Recent History – 2001
Feb. 27, 2001
By Mark Nielsen, Daily News Staff
South Peace Secondary School (SPSS) will be home to two new post-secondary vocational programs starting in the next school year.
Auto collision and repair will focus on the procedures it takes to repair modern automobiles and trucks, and power equipment mechanics will teach students how to fix all terrain vehicles, snowmobiles and personal water-craft.
Both the programs will be run in partnership with the British Columbia Institute of Technology (BCIT) and will be in addition to the auto service technician program that has been taught at the school for about five years.
Work is about to begin on a 9,900 square-foot building on SPSS property that will house the auto collision and repair and the auto service and technician programs. The power equipment mechanics program will be taught in the area formerly reserved at SPSS for the auto service technician program.

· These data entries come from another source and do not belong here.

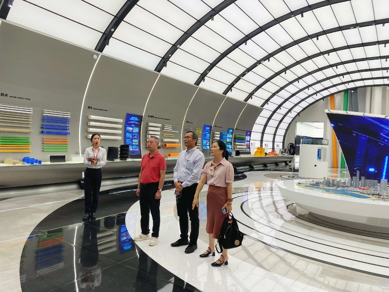 在黄卓兴总经理、销售总监周智辉的陪同下,林泽榆会长一行首先参观了联塑集团总部的联塑学院、研究院、检测中心和印象馆,并听取了企业的发展历程、市场业务分布等相关介绍。
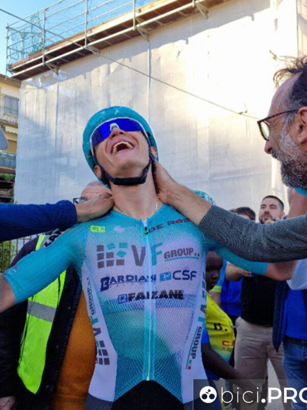 L’ultima curva, ai 300 metri dall’arrivo, ci fa intravedere due maglie, quella della Vf Group-Bardiani CSF-Faizanè di Pinarello e quella di Pescador della GW Shimano. Nell’avvicinarsi allo sprint Pinarello, che parte secondo, prende il riferimento all’avversario e lo brucia. Ha anche il tempo di girarsi ai 25 metri per controllare e poi esplode nella felicità che tanto ha cercato.
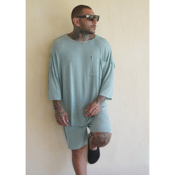 The Cottonwood Set is made of high-quality, soft, and durable beige cotton that provides stretch and comfort. It is designed in an unisex, oversized fit with a quarter sleeve shirt and shredded fabric detailing along the seams. The set comes in one size and includes both the shirt and shorts.
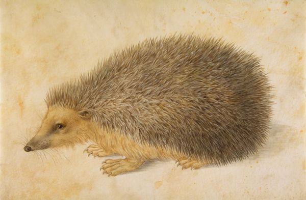 Editor: Here we have Mark Catesby’s "The Grey Fox Squirrel", a print using coloured pencil and other drawing media, likely from the 1730s or 40s. I find the combination of precise detail and slightly stiff pose so interesting. What strikes you most about this image? Curator: The focus on the squirrel itself, set against meticulously rendered flora, speaks volumes about early natural history illustration. We must ask: what materials were available, what labor was involved in sourcing those materials, and how did this affect production? The printmaking process itself facilitated the distribution of knowledge – who had access to these images, and what impact did they have on colonial perceptions of the New World's resources? Editor: So you’re focusing on how it was made and who got to see it? Curator: Exactly! Catesby wasn't just creating art; he was producing a commodity embedded in a network of scientific and economic exchange. The paper, the inks, the pigments - these materials connect to global trade routes and colonial exploitation of natural resources. How might the very act of representing this squirrel serve colonial interests? Editor: That makes me think about how the print medium democratized the image compared to a unique painting, allowing wider circulation to different social strata and thus shaping how a broader public viewed the American landscape and its fauna. Curator: Precisely. Consider how this differs from Indigenous ways of knowing and representing the natural world. Whose knowledge is privileged in this image, and at what cost? Editor: I never considered the power dynamics involved in what appears as a simple illustration of a squirrel. Thanks for illuminating the role of materiality and its social impact! Curator: Likewise. It is through the careful examination of materials and their movement, alongside a contextualized knowledge about its use, that we appreciate art's power.

Sam Barber, the school district’s director of operations, confirmed the power mechanics program during a school board meeting last week. Auto collision and repair had been confirmed a few months ago.
While the school district supplies the space, BCIT will supply the equipment and the instructor. Students who complete the programs will earn credit towards first-year post-secondary vocational program. “These are very top-end programs,” Barber said. “These are not run-of-the-mill shop programs.”
Barber also aired a bussing plan that would allow students from Tumbler Ridge and Chetwynd to participate starting in February of the next school year. “We’ve got the busses there,” Barber said. “It’s just a matter of adding a few more kilometres to make sure they mesh.”
Gary Remenyk, the local BCIT chief instructor, said students are eligible to enter the program in their grade 11 year, provided they meet requirements. The second term of the BCIT program would begin at the start of their grade 12 years.
The students would spend all day, every day for a semester taking the program, and then concentrate on their high school courses in the next semester.
A maximum of 16 students can be enrolled in each program, and Remenyk said local people will be given preference in the search for instructors. “The goal is to hire local people providing they meet the requirements,” he said.
Those who pass are guaranteed a seat at BCIT, but Remenyk said that other post-secondary institutes, like the Northern Alberta Institute of Technology also accept the students.
BCIT teaches a power equipment mechanics program in Kelowna, according to Barber, who noted that SPSS is home to the only BCIT facility in northern British Columbia.